### Provided records
• • •

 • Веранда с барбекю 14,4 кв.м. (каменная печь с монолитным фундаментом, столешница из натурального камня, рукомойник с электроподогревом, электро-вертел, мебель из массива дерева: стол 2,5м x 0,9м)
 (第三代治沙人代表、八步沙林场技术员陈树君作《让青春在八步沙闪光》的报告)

• • •

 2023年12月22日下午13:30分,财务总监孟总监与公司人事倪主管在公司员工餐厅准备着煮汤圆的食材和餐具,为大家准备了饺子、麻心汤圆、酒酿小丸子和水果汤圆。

• • •

Would you copy, unchanged, the stretch of the records above that begins at the line containing "2,5м x 0,9м)" and ends at the line containing "(第三代治沙人代表、八步沙林场技术员陈树君作《让青春在八步沙闪光》的报告)", and only that?

 • Веранда с барбекю 14,4 кв.м. (каменная печь с монолитным фундаментом, столешница из натурального камня, рукомойник с электроподогревом, электро-вертел, мебель из массива дерева: стол 2,5м x 0,9м)
 (第三代治沙人代表、八步沙林场技术员陈树君作《让青春在八步沙闪光》的报告)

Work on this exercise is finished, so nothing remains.